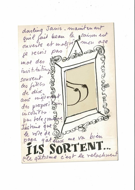Sommières 20-04-1971 | 10.50 x 14.50 cm | une carte postale et enveloppe | [ENGLISH DESCRIPTION ON DEMAND] | Carte postale autographe de Lawrence Durrell signée Dracula adressée à Jani Brun, rédigée à l'encre bleue, reproduction d'un dessin de Marcel Vaysse Ils sortent.tous les soirs, enveloppe jointe. L'écrivain nargue avec humour sa jeune amante montpelliéraine : Darling Janie - maintenant qu'il fait beau la saison est ouverte et malgré mon age je reçois pas mal des invitations; souvent les filles de dix ans m'envoient des propositions inscrites par télégramme. J'estime que le rôle de papa gâteux me va bien (le gâtisme c'est le relachment des sphinctères (Dictionnaire medicale - Pujot). Je vais en Grèce avec, une, 2, 3, 4 fille(s) plus fidé(?) que vous pour faire des reportages appellation contrôlée. D'avoir soixante ans et d'être aimé (très mal d'ailleurs) par les vampires - n'est pas que c'est splendide ? Dracula Après de nombreuses années passées en Grèce, en Egypte et à Rhodes, l'écrivain voyageur Lawrence Durrell fut contraint de fuir Chypre à la suite de soulèvements populaires qui menèrent l'île à son indépendance de la couronne britannique. Riche seulement d'une chemise et d'une machine à écrire mais auréolé du succès de son roman Bitter Lemons of Cyprus (Les citrons acides), il arriva en 1956 en France et s'établit dans le village languedocien de Sommières. Dans la « maison Tartès », sa grande demeure entourée d'arbres, il écrivit la seconde partie de son œuvre, son monumental Quintette d'Avignon, s'adonna à la peinture et reçut ses illustres amis, dont le couple Henry Miller et Anaïs Nin, le violoniste Yehudi Menuhin, l'éditeur londonien Alan G. Thomas, et ses deux filles Pénélope et Sappho. Parmi les oliviers et sous le soleil méditerranéen, il y rencontre au milieu des années 1960 la jeune et pétillante Jany (Janine Brun), montpelliéraine d'une trentaine d'années à la beauté ravageuse, qui travaillait au département des Antiquités de la Sorbonne à Paris. Elle fut prénommée « Buttons » en souvenir de leur première rencontre, où la jeune fille portait une robe couverte de boutons. Henry Miller tomba également sous le charme de « Buttons », louant sa beauté et son éternelle jeunesse dans d'exceptionnelles lettres restées inédites. Les trois compères passèrent des soirées parisiennes mémorables dont nous gardons de précieuses traces autographes à travers leurs échanges épistolaires. Recommandée par Durrell, elle fit de nombreux voyages notamment en Angleterre d'où elle reçut une vaste correspondance de l'écrivain ainsi que des œuvres d'art originales signées de son pseudonyme d'artiste, Oscar Epfs.
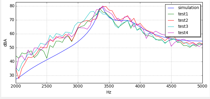 本文(wen)介紹利用專業(ye)聲學軟件Actran對壓(ya)電(dian)式報警(jing)器聲學問(wen)題的(de)(de)詳細(xi)計(ji)(ji)算流(liu)程(cheng),并對比Actran的(de)(de)計(ji)(ji)算與(yu)測試(shi)(shi)結果。結果表明,計(ji)(ji)算值(zhi)與(yu)測量值(zhi)有(you)很好(hao)的(de)(de)一致性,說(shuo)明Actran軟件可(ke)滿足(zu)壓(ya)電(dian)式報警(jing)器設(she)計(ji)(ji)中對聲學模(mo)擬的(de)(de)需求(寬(kuan)頻帶的(de)(de)聲固耦合聲輻射問(wen)題),可(ke)顯著減少模(mo)型(xing)試(shi)(shi)驗次數,并能對設(she)計(ji)(ji)方(fang)案(an)提供指導意見和改進(jin)建議(yi)。基于數值(zhi)模(mo)擬方(fang)法(fa)的(de)(de)聲學設(she)計(ji)(ji)可(ke)以逐步取(qu)代(dai)或者部分(fen)取(qu)代(dai)經驗設(she)計(ji)(ji),可(ke)高效的(de)(de)用于指導報警(jing)器的(de)(de)聲學性能設(she)計(ji)(ji)。
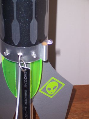 The Alien is a single-staged mid-power rocket with a 20" nylon parachute, metallic wraps and decals, and 39 LEDs, animated by a micro electronics module that allow night launches and recoveries. It is the third and largest rocket so far in the "Night Flight Equipped" line of rockets from Leading Edge Rocketry.
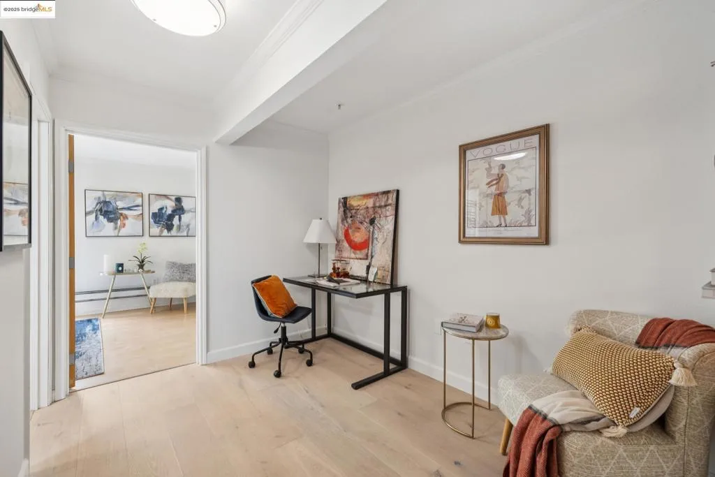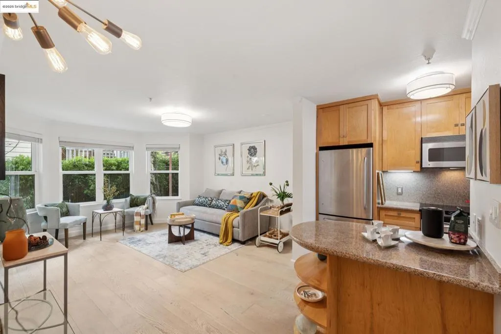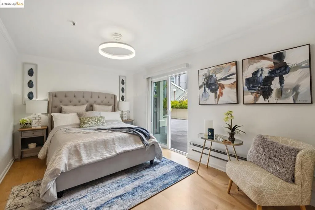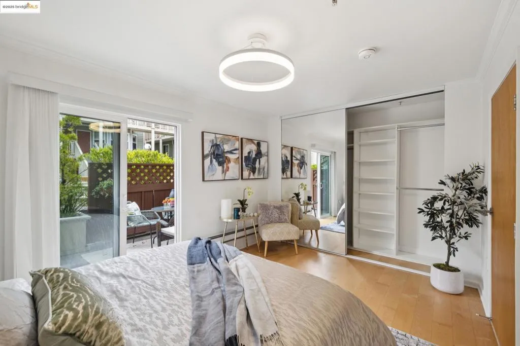 Rarely available modern condo with a versatile den/flex space, located directly across from San Francisco’s iconic Painted Ladies at Alamo Square Park on the border of Hayes Valley. This home combines the charm of a historic neighborhood with the convenience of a newer building in a secure, gated community. The unit offers no steps to entry, wide-plank hardwood floors, an upgraded kitchen with granite counters, in-unit washer/dryer, and a bright living/dining area. The flexible den works perfectly as a home office, lounge, or guest stay. The generously sized bedroom includes a floor-to-ceiling closet and opens directly to a private patio. One dedicated garage space is included—ideally located next to the elevator that takes you straight to the condo level. Community amenities feature a lush courtyard with a fountain and BBQ area, secured mailboxes, and a parcel room. With a Walk Score of 96 (Walker’s Paradise), plus Excellent Transit and Very Bikeable ratings, enjoy unmatched access to Hayes Valley dining, shops, cafes, and public transportation. Multiple Muni lines within one block provide a 20-minute commute to the Financial District, with nearby BART stations offering citywide and Bay Area connections. Exceptional condo with private patio and parking in the heart of SF!
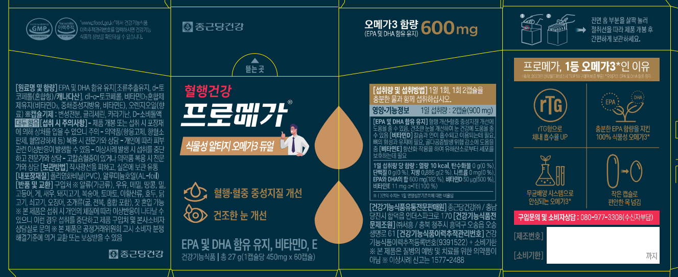 | 제품명 | 프로메가 식물성 알티지 오메가3 듀얼 | 제조업소의 명칭과 소재지 | 컨텐츠 참조 |
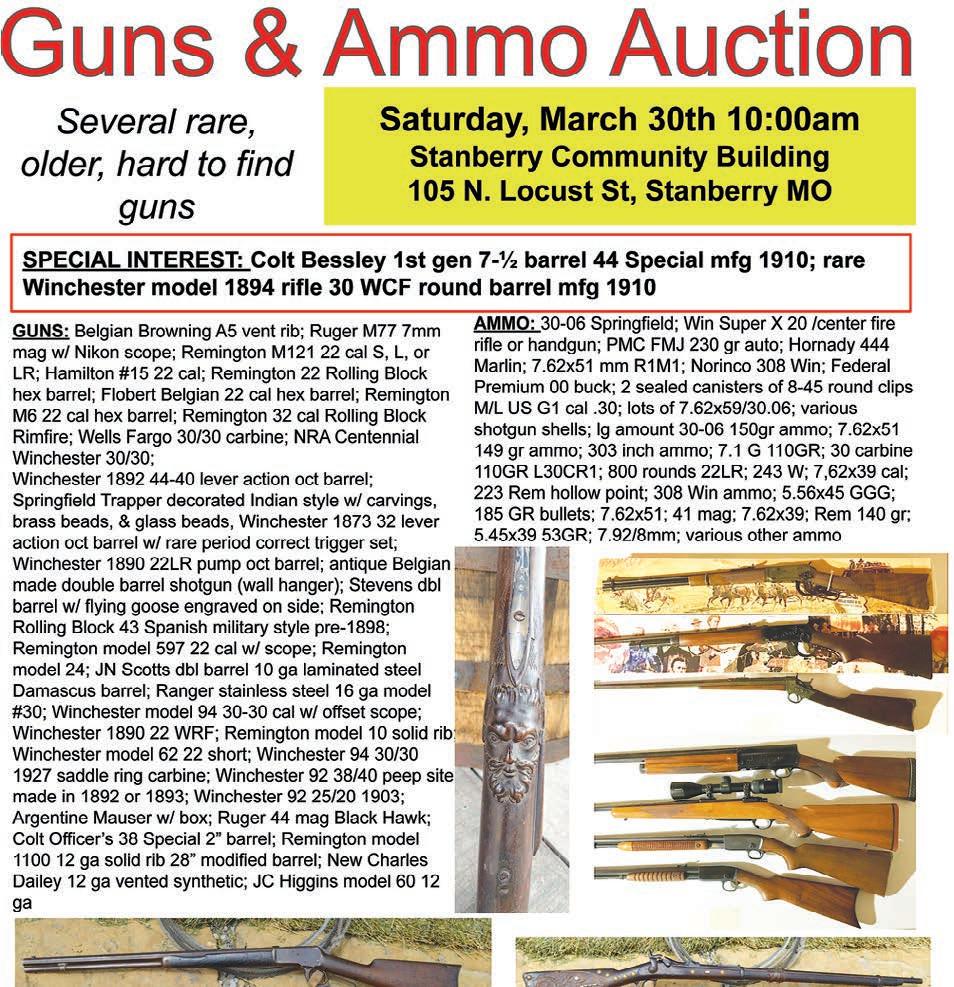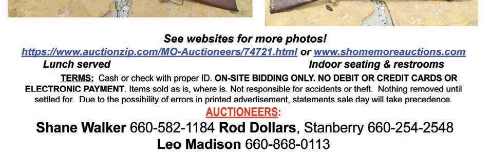 www.jumpsandroyauction.com 2x5 GHWP 3-12-24 TERMS: Cash or check w/ proper I.D. Not responsible for accidents, thefts, or errors in advertising. Announcements made day of auction take precedence over all advertisements. DIRECTIONS: From Hwy 13, go east on Richardson St. to Prospect, turn south one-half block to sale site on east side of the street. Watch for Sale Signs. JR Auction.qxp_Jumps Auctions 3/6/24 1:21 PM Page 2 • ADVANCE NOTICE • REAL ESTATE & PERSONAL PROPERTY AUCTION SATURDAY, MARCH 30, 2024 • 10:00 A.M. SALE LOCATION: 609 S PROSPECT STREET, GALLATIN, MO 64640 Real Estate: (Selling @ Noon) Ranch-style 3-bedroom, 1 bath home w/ full walkout basement. Home is approximately 1040 sq. feet w/ single car attached garage, front deck, family room, eat-in kitchen, central air, electric in-ceiling heat w/ independent heat control and vinyl replacement windows. Nice yard with storage shed. Terms: 10% non-refundable down payment due day of auction with balance due 30 days at closing. Real Estate is offered at reasonable reserve. Announcements made day of auction take precedence over all advertisements. The real estate is being sold “As Is” with no expressed or implied warranties pertaining to the property. Contact Jumps & Roy Auction, LLC @ 660-605-0860 or 660-359-1455 to view the property. Personal Property: Ford F150 – Household – Antiques – Collectibles Lawn & Garden – Tools See Pics & Complete Sale Bill @ www.shomemoreauctions.com or Jumps Auctions Facebook Late Maryetta & Donald Ray Auction SALE CONDUCTED BY: Jumps & Roy Auction, LLC Rustin Jumps & Scott Roy 660-605-0860 or 660-359-1455 www.jumpsandroyauction.com 2x5 GHWP 3-12-24 TERMS: Cash or check w/ proper I.D. Not responsible for accidents, thefts, or errors in advertising. Announcements made day of auction take precedence over all advertisements. DIRECTIONS: From Hwy 13, go east on Richardson St. to Prospect, turn south one-half block to sale site on east side of the street. Watch for Sale Signs. JR Auction.qxp_Jumps Auctions 3/6/24 1:21 PM Page 2 Caleb Newman • Albany, Mo. 64402 Call 660-822-6683 RESIDENTIAL & COMMERCIAL ELECTRICAL SERVICE & REPAIR • NEW INSTALLATIONS • REMODELS • NEW CONSTRUCTION • TROUBLE SHOOTING • WE WANT YOUR BUSINESS 505 East Daniel • Albany, Missouri 64402 Email: newmanplumbing@yahoo.com TELEPHONE: 660-822-6680 • Installation • Repair • Replacement JASON NEWMAN LLC CALL US FOR ALL YOUR PLUMBING NEEDS! Albany, Missouri 64402 WWW.BIDCBM.COM EVERYTHING SELLS, NO RESERVES BIDDING CLOSES MAR 21st at 5:00 PM Contact Chris Riley with questions at 816.365.7565 or chrisriley@bidcbm.com Like us on Facebook Visit us on YouTube GETREGISTERED& BIDNOW!! ABSOLUTE ONLINE ONLY EQUIPMENT CONSIGNMENT AUCTION 2488 S.E. Hwy 33, Lathrop, MO SIDING & SEAMLESS GUTTERING For Free Estimates, Call Zack Ward • 660-868-1127 INSURED Auctioneers’ Note: Ammo will sell first; guns to start selling at 12:00. Pickett Auction Service, Inc. eddie pickett • 816-632-0700 TRENT mumm • 660-238-3960 www.pickettauction.com TERMS: Cash or Valid Check. Not responsible for Accidents, Thefts or Errors in Advertising. Announcements made at Auction take Precedence over all Advertising.. 2007 John Deere 2305 HST diesel compact tractor w/200 CX front loader & mower deck, 1086 hours; 1965 Ford; 2000 Tractor - Nice appearance; JD 647; 4’ roto tiller; Bison 3 pt rear blade; Ford 501 7’ sickle mower; 2 pull behind 60” Swisher mowers w/14 hp engines; DR 3 pt string trim mower; 540 PTO; Doolittle 16’ B.H. trailer w/2’ dove tail; Buck Dandy 5’x8’ BH trailer w/4’ ramp gate; 17’ canoe 1965 Oldsmobile 98 Coupe w/425 rebuilt engine, new paint, interior, new wheels & tires, sharp appearance, offered with reasonable reserve 1991 CRX fancy sports car 1961 Ford F100 pickup, restoration in progress 18 long guns & pistols Furniture & collectibles Good power & hand tools This is a partial list only - see website or call 816-632-0700 for auction hand bill. TOM & SHARON COATES SPECIAL AUCTION SAT. MARCH 23 • 9:30 A.M. 7370 GRIDLEY ROAD • STEWARTSVILLE, MO We have sold our property & will hold an auction north of Stewartsville, MO on Route N to Maple Grove Church then west to 7370 Gridley Rd. (Signs Posted) NICE AUCTION - LOTS OF VARIETY - MUST ATTEND ON TIME. PARTIAL LIST ONLY For all your STORAGE NEEDS, Call GINTHER RENTALS, 816-596-0366. FOR SALE - 20 ACRES M/L east of Alanthus Grove, MO. MARTIN FROM, 660-582-1453. 5-4TP HEREFORD BULLS FOR SALE: Excellent calving ease & docility, AI sired, heavily influenced by Sandhill Farm Genetics. FREE DELIVERY!! SARA OR GREG FRUEH AT 660-582-6901. HOPKINS, MO. NEW 2024 CARPORT BUILDINGS INSTALLED at any place, at good discounted prices and financing, any color, small or large, for your weather protection. RALPH KOBBE AUCTIONS & APPRAISALS GRANT CITY, MO 64456 660-582-6820.
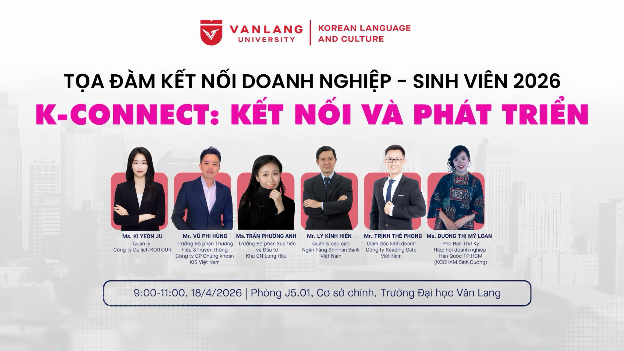 Trong khuôn khổ Job Fair 2026 của Trường Đại học Văn Lang, Khoa Ngôn ngữ và Văn hoá Hàn Quốc tổ chức chương trình tọa đàm K-CONNECT: Kết nối và Phát triển – nơi sinh viên có cơ hội gặp gỡ trực tiếp các doanh nghiệp và chuyên gia đang làm việc trong môi trường Việt – Hàn.
┄┄┄┄┄┄
**What is expected**: Extract the part of the records that opens with the line containing "Rarely available modern" and closes with the line containing "소재지 | 컨텐츠 참조 |". Take only those lines, exactly, and no pictures.

**Response area**:
 Rarely available modern condo with a versatile den/flex space, located directly across from San Francisco’s iconic Painted Ladies at Alamo Square Park on the border of Hayes Valley. This home combines the charm of a historic neighborhood with the convenience of a newer building in a secure, gated community. The unit offers no steps to entry, wide-plank hardwood floors, an upgraded kitchen with granite counters, in-unit washer/dryer, and a bright living/dining area. The flexible den works perfectly as a home office, lounge, or guest stay. The generously sized bedroom includes a floor-to-ceiling closet and opens directly to a private patio. One dedicated garage space is included—ideally located next to the elevator that takes you straight to the condo level. Community amenities feature a lush courtyard with a fountain and BBQ area, secured mailboxes, and a parcel room. With a Walk Score of 96 (Walker’s Paradise), plus Excellent Transit and Very Bikeable ratings, enjoy unmatched access to Hayes Valley dining, shops, cafes, and public transportation. Multiple Muni lines within one block provide a 20-minute commute to the Financial District, with nearby BART stations offering citywide and Bay Area connections. Exceptional condo with private patio and parking in the heart of SF!
 | 제품명 | 프로메가 식물성 알티지 오메가3 듀얼 | 제조업소의 명칭과 소재지 | 컨텐츠 참조 |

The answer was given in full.